NB is also a strong baseline on small datasets.

In [None]:
from sklearn.feature_extraction.text import CountVectorizer

vectorizer = CountVectorizer(stop_words='english', )
# vectorizer = CountVectorizer(stop_words='english', max_features=10000, ngram_range=(1, 2))
X_train = vectorizer.fit_transform(dataset['train']['text'])
X_test = vectorizer.transform(dataset['test']['text'])

In [None]:
from sklearn.naive_bayes import MultinomialNB

y_train = dataset['train']['label']
y_test = dataset['test']['label']

classifier = MultinomialNB()
classifier.fit(X_train, y_train)

In [None]:
from sklearn.metrics import accuracy_score

predictions = classifier.predict(X_test)
accuracy = accuracy_score(y_test, predictions)
print(f"Accuracy: {accuracy}")

Accuracy: 0.81164


## Using Pretrained Embeddings (GloVe)
In our previous example, there is not much information encoded about the words. They are encoded as independent co-ocurrence frequencies.

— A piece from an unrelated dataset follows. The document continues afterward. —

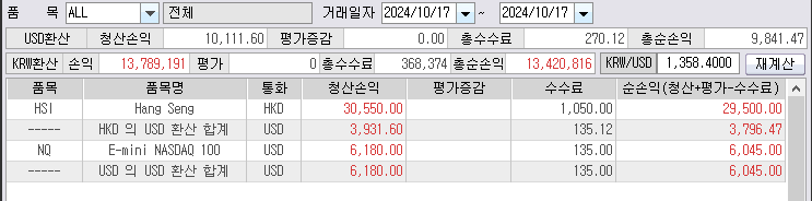 일목중생과 똑같이 매매하는 소액계좌, 오전엔 항셍이 먹고, 밤엔 나선이 먹고~

On the other hand,  pretrained embeddings are trained on a large corpus to predict the context of a word. This means that the embeddings contains more information about the words.

The following illustration is taken from [CS224N](https://web.stanford.edu/class/archive/cs/cs224n/cs224n.1234/slides/cs224n-2023-lecture02-wordvecs2.pdf). It is used to illustrate the training of word2vec, but it also illustrates the general idea of training word embeddings.

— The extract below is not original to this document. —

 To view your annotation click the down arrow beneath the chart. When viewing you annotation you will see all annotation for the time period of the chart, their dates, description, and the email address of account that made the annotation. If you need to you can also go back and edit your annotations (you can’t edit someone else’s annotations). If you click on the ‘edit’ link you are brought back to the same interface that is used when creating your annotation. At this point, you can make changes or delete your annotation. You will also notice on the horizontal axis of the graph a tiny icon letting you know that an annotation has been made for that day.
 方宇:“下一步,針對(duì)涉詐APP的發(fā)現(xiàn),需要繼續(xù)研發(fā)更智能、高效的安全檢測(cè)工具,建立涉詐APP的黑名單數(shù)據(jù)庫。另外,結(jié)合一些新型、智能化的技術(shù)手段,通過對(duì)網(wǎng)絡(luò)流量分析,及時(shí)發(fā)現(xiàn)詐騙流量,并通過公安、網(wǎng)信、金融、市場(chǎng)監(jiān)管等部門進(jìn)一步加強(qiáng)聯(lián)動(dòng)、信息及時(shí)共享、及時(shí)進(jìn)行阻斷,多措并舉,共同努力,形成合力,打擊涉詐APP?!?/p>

![word2vec](https://drive.google.com/uc?export=view&id=1rrACOt5WeoVbynB-pcC6h_O-ys1wySgU)



## Loading Glove

In [None]:
from huggingface_hub import hf_hub_download
hf_hub_download(repo_id="JeremiahZ/glove", filename="glove.6B.50d.txt", local_dir=".", )
hf_hub_download(repo_id="JeremiahZ/glove", filename="run_classification.py", local_dir=".", )

In [None]:
import numpy as np
from collections import defaultdict
def load_glove_embeddings(path):
    embeddings_dict = {}
    with open(path, 'r', encoding='utf8') as f:
        for line in f:
            values = line.split()
            word = values[0]
            vector = np.asarray(values[1:], "float32")
            embeddings_dict[word] = vector
    oov_embedding = np.mean(list(embeddings_dict.values()), axis=0)
    to_return_dict = defaultdict(lambda: oov_embedding)
    to_return_dict.update(embeddings_dict)
    return to_return_dict

glove_path = './glove.6B.50d.txt'  # Update this path
glove_embeddings = load_glove_embeddings(glove_path)
glove_embeddings['the'].shape

(50,)

## Logistic Regression with GloVe
We are going to start with a baseline model and improve upon it.

In [None]:
def text_to_embedding(text, embeddings_dict):
    words = text.split()
    embeddings = [embeddings_dict[word] for word in words]
    if embeddings:
        return np.mean(embeddings, axis=0)
    else:
        return np.zeros(50)  # We should always get a embedding since we are using defaultdict, this is out of caution

X_train_embeddings = np.array([text_to_embedding(text, glove_embeddings) for text in dataset['train']['text']])
X_test_embeddings = np.array([text_to_embedding(text, glove_embeddings) for text in dataset['test']['text']])

In [None]:
from sklearn.linear_model import LogisticRegression

y_train = dataset['train']['label']
y_test = dataset['test']['label']

logistic_model = LogisticRegression(max_iter=1000)  # Increase max_iter if needed
logistic_model.fit(X_train_embeddings, y_train)

In [None]:
predictions = logistic_model.predict(X_test_embeddings)
accuracy = accuracy_score(y_test, predictions)
print(f"Accuracy: {accuracy}")

Accuracy: 0.7336


## GRU with GloVe
First,  we need to preprocess our dataset

In [None]:
from keras.preprocessing.text import Tokenizer
from keras.preprocessing.sequence import pad_sequences
from torch.utils.data import Dataset, DataLoader
import torch

# Tokenization
tokenizer = Tokenizer(num_words=10000)  # Limiting our vocabulary to the top 10,000 words
tokenizer.fit_on_texts(dataset['train']['text'])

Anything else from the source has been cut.